Recipe - Breast Of Chicken With Bourbon
Categories: Chicken, Vegetables, Main Dish, Breast Of Chicken With Bourbon
CAROLINE MCCALL WHNP81A
2 Chicken breasts; whole
One fourth cup Flour
One half teaspoon Paprika
One half teaspoon Salt
2 tablespoon Butter
2 tablespoon Salad oil
2 tablespoon Onion; minced
1 tablespoon Parsley; minced
One fourth teaspoon Chervil
One fourth cup Bourbon
4 ounce Mushrooms; canned
10 ounce Tomatoes; canned
One fourth teaspoon Sugar
Salt and pepper; to taste
Date: Fri, 24 May 96 07:14:26 PDT
From: eboyd@shentel.net
Split chicken breasts in half; place in a paper bag with flour, paprika,
and salt. Shake bag well to coat chicken thoroughly, remove from bag, and
shake off excess flour. In a heavy saucepan melt the butter. Add the salad
oil and saute the chicken until light brown on both sides. While sauteing,
add onion, parsley and chervil to pan. After browning, add bourbon and set
aflame for about 10 seconds. Add mushrooms including juice to the pan.
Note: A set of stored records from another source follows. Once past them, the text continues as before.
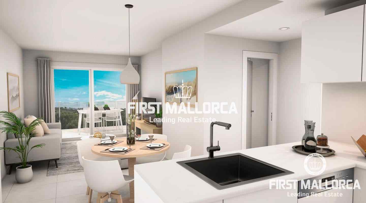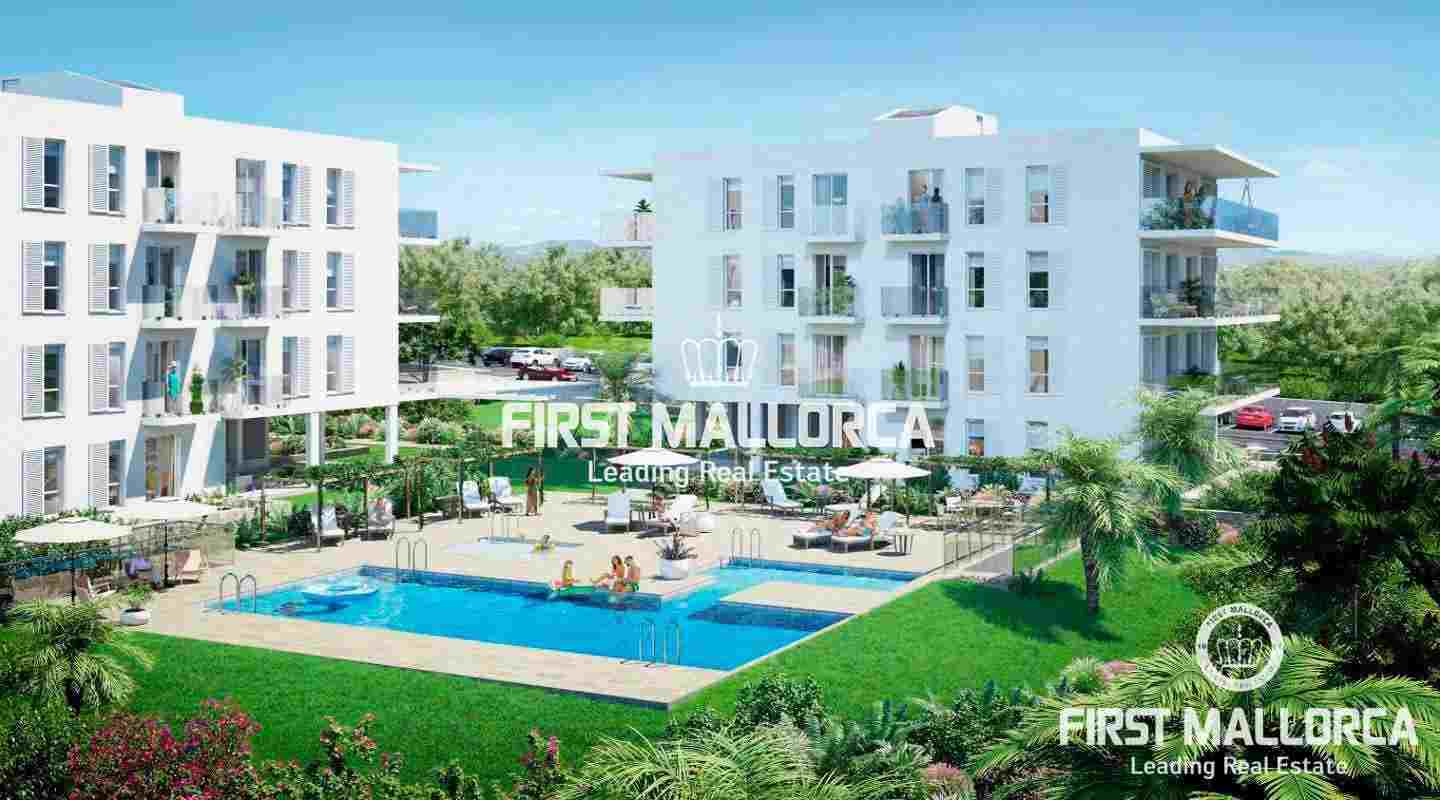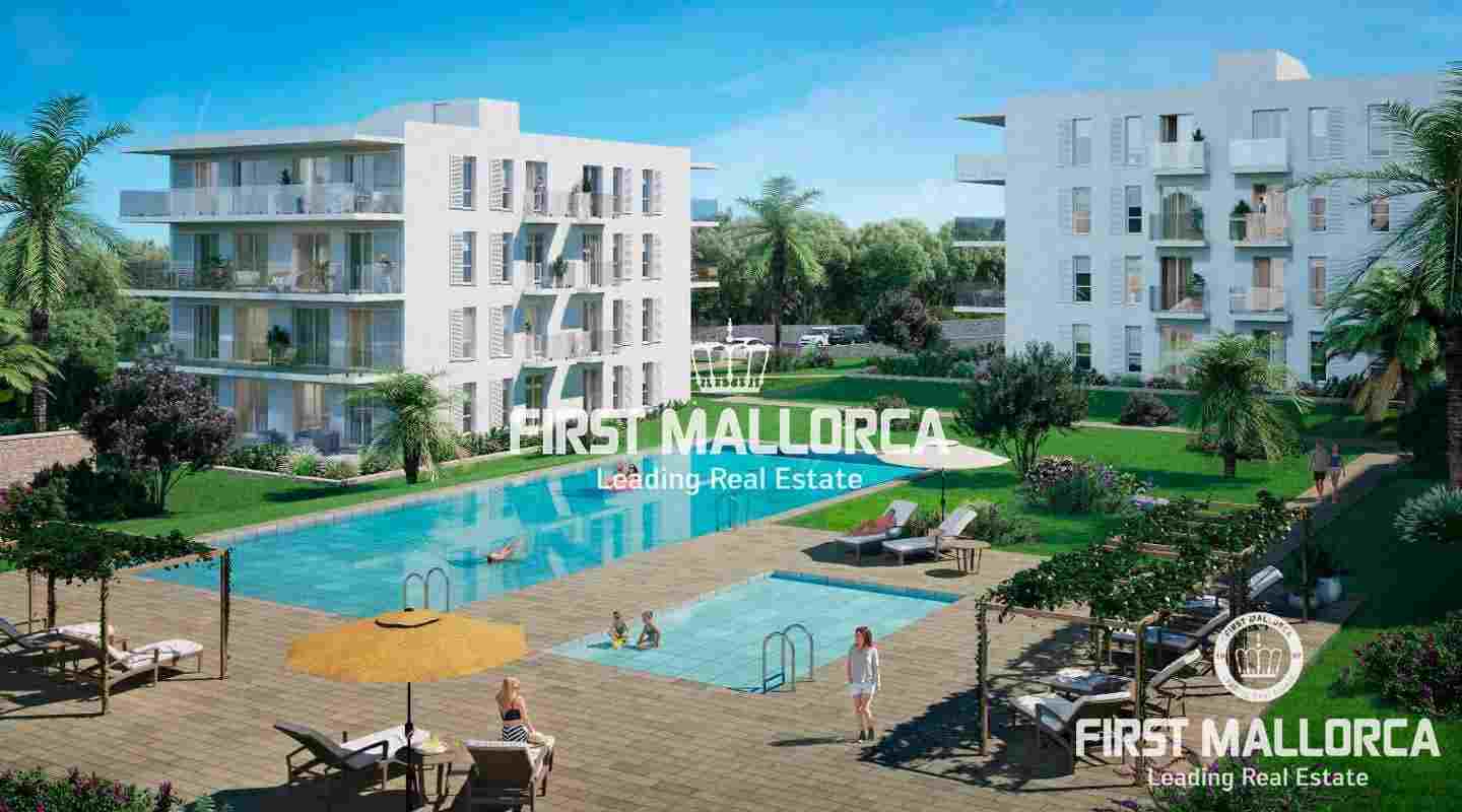 These modern Ibizan white apartments have very high quality furnishings. The distribution in the apartments inspire with plenty of space in 2 bedrooms with bathrooms (1 bathroom en suite), living room and large terraces or on the ground floor apartments, verandas with own garden area. Spacious gardens surround the area and 2 large community pools invite you to enjoy Mediterranean life. A parking space also belongs to each apartment.
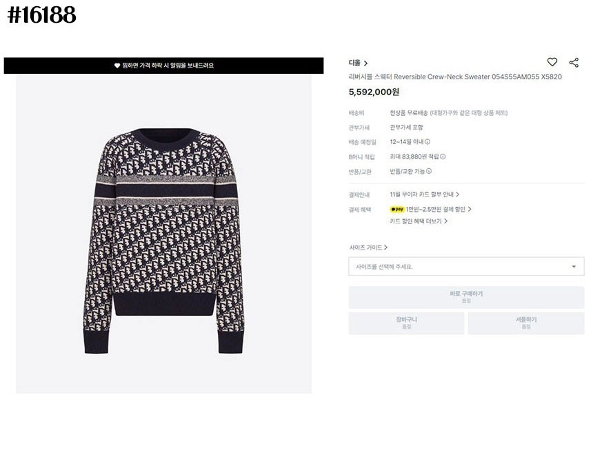 [DIOR] 디올 오블리크 울 자카드 니트 풀오버 🍀 #16188 #8562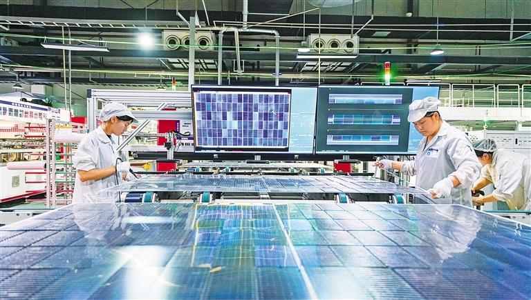 2月24日,江苏省宿迁市泗洪县经济开发区,江苏东磁新能源科技有限公司全线开工,员工正在生产线上赶制光伏设备出口订单。

Chop the tomato meat coarsely and add with juice to the pan. Cover with a
tight lid, and continue to simmer 12 to 15 minutes, stirring occasionally.
If necessary, remove the lid and continue to cook until the sauce is medium
thick. Skim excess fat from the sauce. Add sugar and salt and pepper to
taste. Serve with noodles or rice in a casserole.